## Exercise data
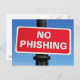 An edited photo of what was originally a no fishing sign changed to read "no phishing". The letters have been carefully placed and coloured to closely match the colouring of the original lettering creating a highly photo-realistic image. Definitely a sign of the times.
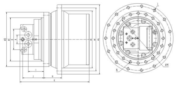 本產(chǎn)品為馬達(dá)與減速機(jī)一體的行走裝置。由集成于減速機(jī)內(nèi)部的雙排量軸向柱塞馬達(dá)、行走減速器組成。馬達(dá)內(nèi)置安全閥、防反轉(zhuǎn)閥、停車制動(dòng)裝置及高低二檔轉(zhuǎn)換裝置,它的特點(diǎn)是:傳動(dòng)比范圍大、結(jié)構(gòu)緊湊、工作效率高、可靠性強(qiáng)、體積小、運(yùn)動(dòng)平穩(wěn)、噪音低等,同時(shí)具有多級(jí)安全保護(hù)、使用壽命長等優(yōu)點(diǎn)。適用于液壓履帶驅(qū)動(dòng)行走裝置
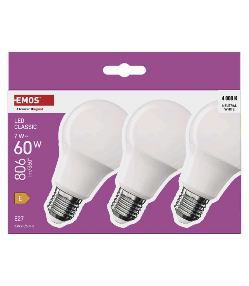 Żarówka LED Classic A60 E27 7 W (60 W) 806 lm neutralna biel EMOS ZQ5E43.3 Barwa światła: neutralna biel Chip LED: SMD Ilość cykli włącz\wyłącz: 30 000 Ilość LED: nie dotyczy Indeks oddawania barw (CRI): Ra >80 Kąt świecenia: 180° Klasa energetyczna: E Kształt:...

## Work to complete
Going from the line that holds "本產(chǎn)品為馬達(d" to the end of the listing above, copy each line exactly and nothing more, leaving pictures aside.

## Solution for this task
 本產(chǎn)品為馬達(dá)與減速機(jī)一體的行走裝置。由集成于減速機(jī)內(nèi)部的雙排量軸向柱塞馬達(dá)、行走減速器組成。馬達(dá)內(nèi)置安全閥、防反轉(zhuǎn)閥、停車制動(dòng)裝置及高低二檔轉(zhuǎn)換裝置,它的特點(diǎn)是:傳動(dòng)比范圍大、結(jié)構(gòu)緊湊、工作效率高、可靠性強(qiáng)、體積小、運(yùn)動(dòng)平穩(wěn)、噪音低等,同時(shí)具有多級(jí)安全保護(hù)、使用壽命長等優(yōu)點(diǎn)。適用于液壓履帶驅(qū)動(dòng)行走裝置
 Żarówka LED Classic A60 E27 7 W (60 W) 806 lm neutralna biel EMOS ZQ5E43.3 Barwa światła: neutralna biel Chip LED: SMD Ilość cykli włącz\wyłącz: 30 000 Ilość LED: nie dotyczy Indeks oddawania barw (CRI): Ra >80 Kąt świecenia: 180° Klasa energetyczna: E Kształt:...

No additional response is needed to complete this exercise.